How Brands Should Adapt to the Tech-Driven Future of Customer Experience

Valuable lessons from Ford and McDonald's

For many brands, curating a cutting-edge customer experience at the pace of technology can present a real challenge. Emerging tech is unpredictable, and brands don’t know where they’ll need to connect with their customers next. After all, it wasn’t long ago that tweeting was something only songbirds did.

But in an age of uncertainty, one thing is clear: Not even the most established brands can afford to turn a blind eye to the tech-driven future of customer experience.

“Your company doesn’t define customer experience,” wrote Michael Hinshaw, CEO McorpCX, on CMO.com last month. “Customers do. As a company, your job is to understand and manage it.”

Among the brands rising to the challenge is Ford Motor Company—the same brand that a century ago made the auto-buying experience possible for middle-American consumers with its revolutionary, cost-cutting assembly line.

This April, Ford will launch FordPass, a free platform that aims to streamline drivers’ daily lives. Through the FordPass app, vehicle owners—Ford or otherwise—can start their car remotely, find and pay for parking, call roadside assistance, earn and redeem rewards from partners like 7-Eleven and Spotify and even get free, personalized assistance from an actual human being at the push of a smartphone button.

“The FordPass platform is about understanding people’s needs and developing great experiences and ways to help them move better,” says Elena Ford, vice president for consumer experience.

Eighteen months in the making, the platform is part of Ford’s larger push to become more than just an automaker. “We know that there are pain points associated with mobility, and so we’re expanding our business to be both an automaker and a mobility company,” says Ken Washington, vice president of research and advanced engineering. “The digital ecosystems that we all have in our lives, from smartphones to connected homes to digital consumer devices, it changes our expectations of transportation, of mobility.”

Ford isn’t the only legacy brand making waves in the CX space.
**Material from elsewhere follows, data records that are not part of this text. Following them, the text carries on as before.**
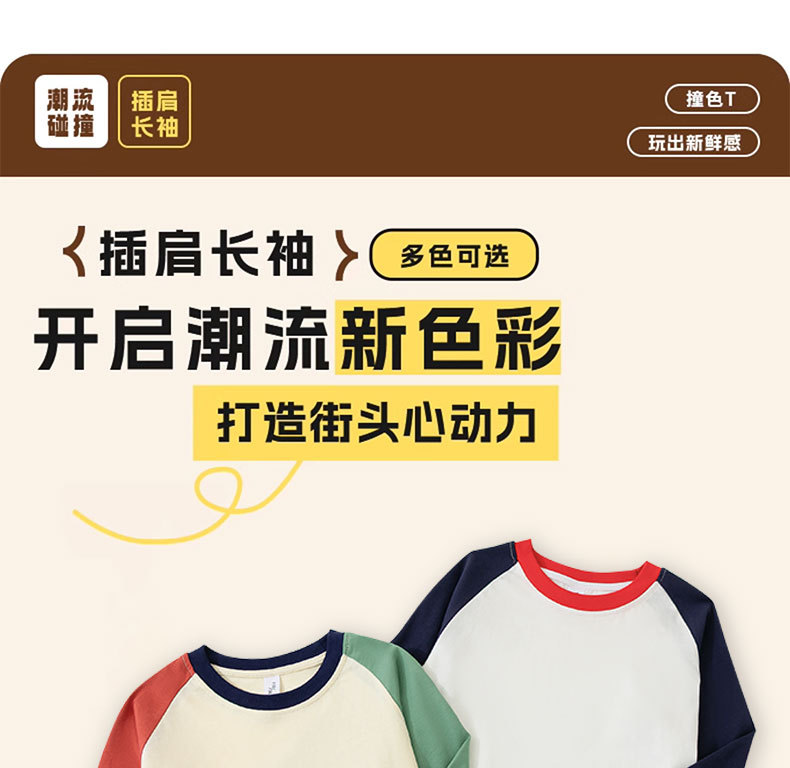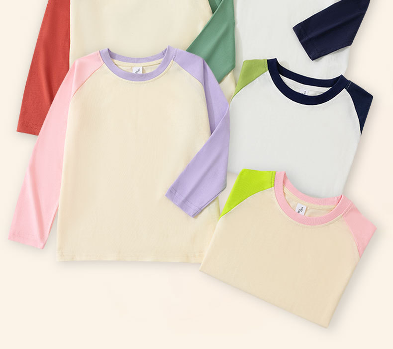 남아용 긴팔 티셔츠, 순면, 중대형 아동용 대비 색상 라글란 슬리브 탑, 봄, 가을 아동용 라운드 넥 풀오버, 깔끔한 버전스토어 가기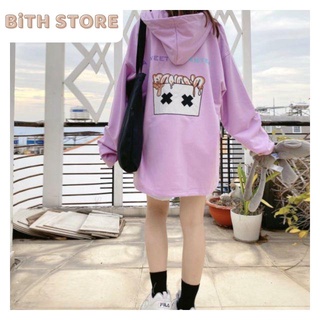 [TAI THỎ] Áo khoác nỉ nữ form rộng có mũ gắn tai thỏ trên mũ cực cute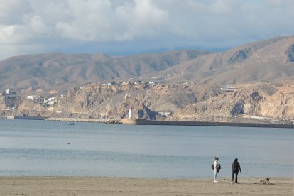 Almería se echa a la calle para celebrar la llegada de la Navidad. La lluvia de la Nochebuena quedó atrás y en esta jornada festiva cientos de ciudadanos han decidido pasear junto al mar, e incluso por la aún mojada arena de la playa, ya que esta provincia de contrastes invitaba a mirar al Mediterráneo y a la nevada Sierra de Los Filabres.

At Austin’s South By Southwest Interactive Festival last month, one of the most innovative experiences came from another decidedly familiar brand: McDonald’s.

The fast food giant’s lounge featured a virtual reality experience that channeled the desires of inner eight year-olds everywhere. Donning an HTC Vive headset, users could step inside an unmarked, larger-than-life Happy Meal box, then decorate it paintball-style with splats of virtual color using two handheld controllers.

Juvenile? Perhaps. But also effective: CNBC called the Happy Meal fantasy world arguably “the most buzzed-about virtual reality experience of the festival.”

This wasn’t the company’s first foray into virtual reality. In February, McDonald’s Sweden debuted Happy Goggles, a Happy Meal box that folds down into a VR viewer—pretty hip for a brand that’s almost old enough to receive Social Security benefits. And in the real world, McDonald’s will soon expand its CX offerings to include mobile ordering, according to TheStreet.

“When we think about the customer experience of how people get their food from McDonald’s, we want to do a much better job on behalf of the customer,” says Atif Rafiq, chief digital officer. “We think technology plays a huge role in making that experience more streamlined.”

The future of customer experience is as exciting as it is unpredictable—and that’s the point. For marketers, the goal is to remain relevant and continually think outside the box—or in the case of McDonald’s, a Happy Meal box.